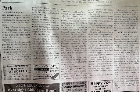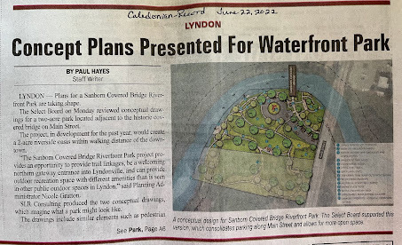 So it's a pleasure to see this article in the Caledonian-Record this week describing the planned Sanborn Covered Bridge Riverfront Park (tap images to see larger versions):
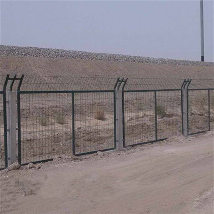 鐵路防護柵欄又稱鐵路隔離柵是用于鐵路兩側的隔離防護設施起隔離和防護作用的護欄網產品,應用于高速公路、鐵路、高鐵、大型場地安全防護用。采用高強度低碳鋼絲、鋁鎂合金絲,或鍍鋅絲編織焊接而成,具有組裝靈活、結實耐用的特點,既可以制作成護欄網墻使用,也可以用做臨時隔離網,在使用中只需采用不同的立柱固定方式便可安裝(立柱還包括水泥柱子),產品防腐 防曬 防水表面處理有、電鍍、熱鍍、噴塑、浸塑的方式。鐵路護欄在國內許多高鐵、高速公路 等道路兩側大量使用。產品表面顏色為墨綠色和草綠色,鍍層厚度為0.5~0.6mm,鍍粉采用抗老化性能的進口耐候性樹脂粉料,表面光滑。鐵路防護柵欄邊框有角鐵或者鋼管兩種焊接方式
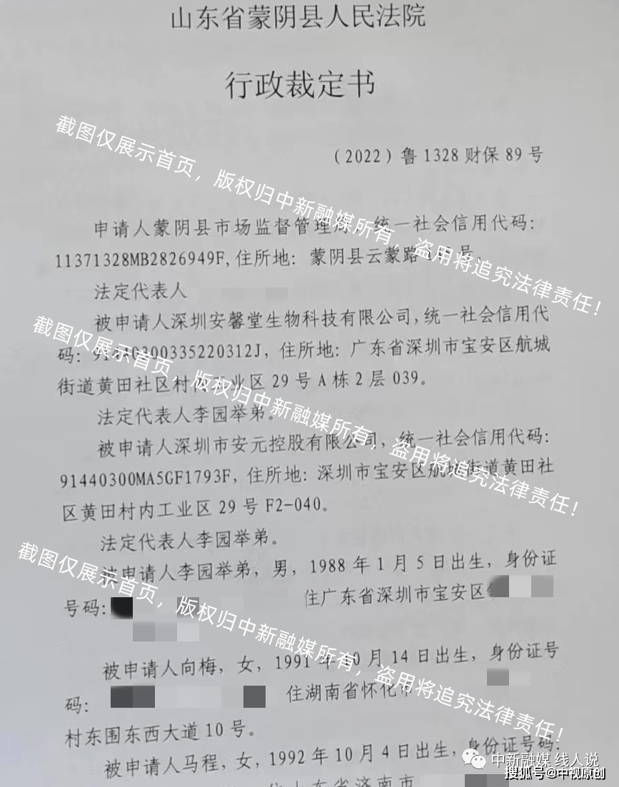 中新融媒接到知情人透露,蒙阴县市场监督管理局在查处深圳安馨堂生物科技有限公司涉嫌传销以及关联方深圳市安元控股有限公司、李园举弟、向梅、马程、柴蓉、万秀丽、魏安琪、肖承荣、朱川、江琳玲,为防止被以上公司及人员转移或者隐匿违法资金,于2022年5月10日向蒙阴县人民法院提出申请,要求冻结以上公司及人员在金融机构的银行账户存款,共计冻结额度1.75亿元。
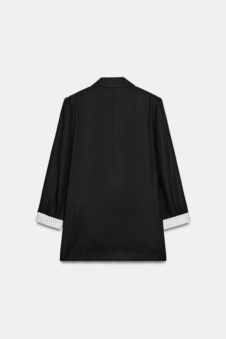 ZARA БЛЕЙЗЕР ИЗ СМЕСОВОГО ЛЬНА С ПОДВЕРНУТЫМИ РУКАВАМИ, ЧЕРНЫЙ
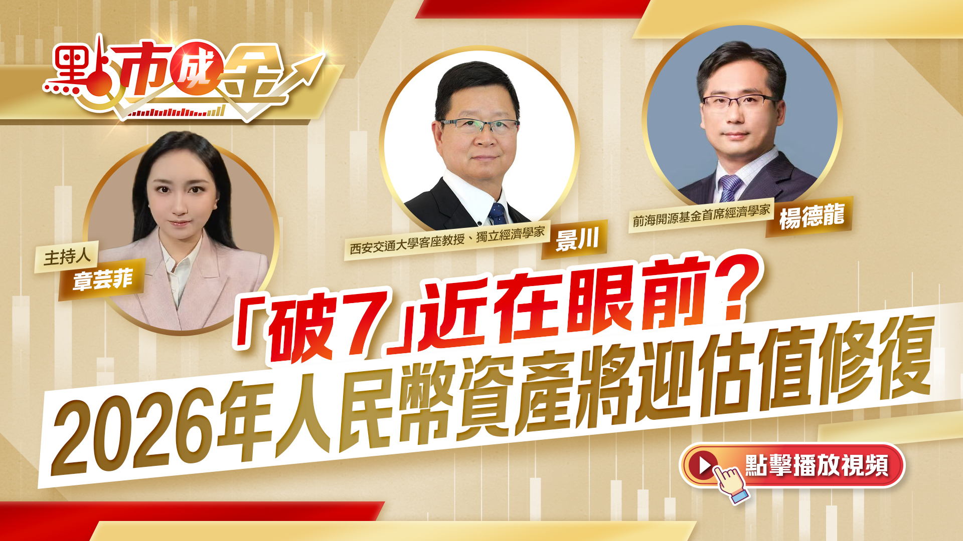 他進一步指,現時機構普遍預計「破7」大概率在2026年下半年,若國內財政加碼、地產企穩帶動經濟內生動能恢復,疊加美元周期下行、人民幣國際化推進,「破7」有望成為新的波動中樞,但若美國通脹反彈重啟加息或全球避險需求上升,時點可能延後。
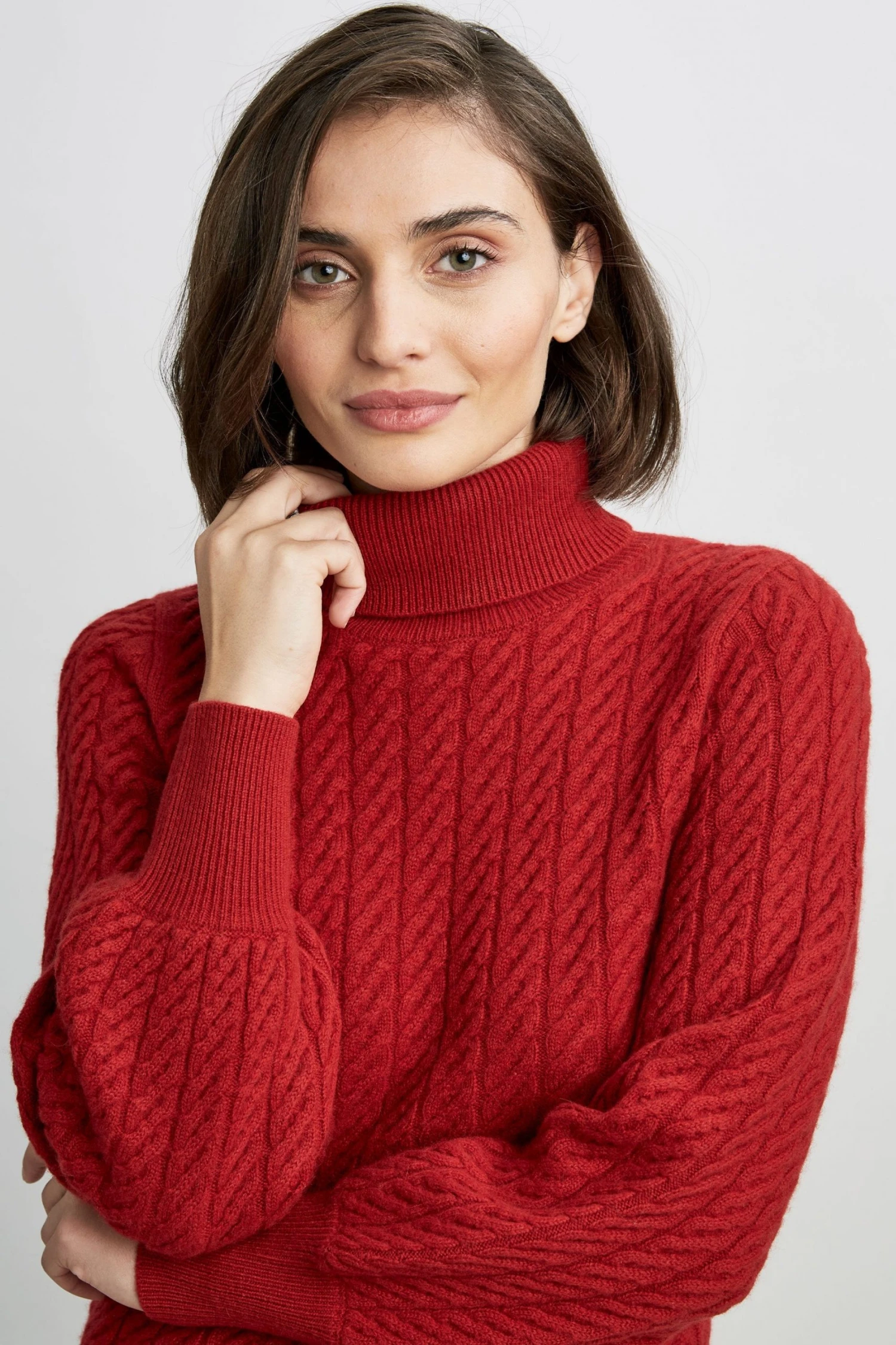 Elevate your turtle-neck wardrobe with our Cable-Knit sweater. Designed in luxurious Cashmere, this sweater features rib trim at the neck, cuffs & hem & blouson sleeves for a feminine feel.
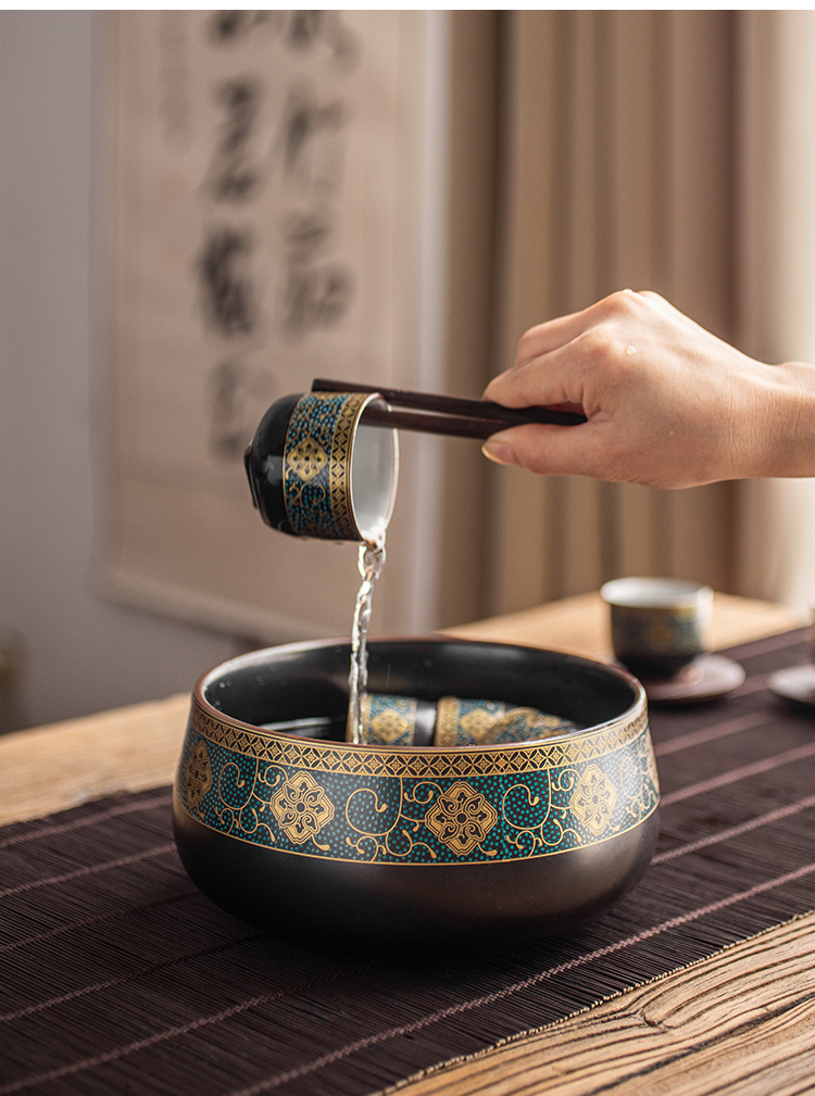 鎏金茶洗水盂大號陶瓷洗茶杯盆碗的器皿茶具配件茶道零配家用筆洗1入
★ ★ ★ ★ ★ ★ ★
What you need to do | In the records above, find the line containing "他進一步指,現時機構普遍預計", then write out exactly that line and every later one through the last, omitting pictures.

Finished task |
 他進一步指,現時機構普遍預計「破7」大概率在2026年下半年,若國內財政加碼、地產企穩帶動經濟內生動能恢復,疊加美元周期下行、人民幣國際化推進,「破7」有望成為新的波動中樞,但若美國通脹反彈重啟加息或全球避險需求上升,時點可能延後。
 Elevate your turtle-neck wardrobe with our Cable-Knit sweater. Designed in luxurious Cashmere, this sweater features rib trim at the neck, cuffs & hem & blouson sleeves for a feminine feel.
 鎏金茶洗水盂大號陶瓷洗茶杯盆碗的器皿茶具配件茶道零配家用筆洗1入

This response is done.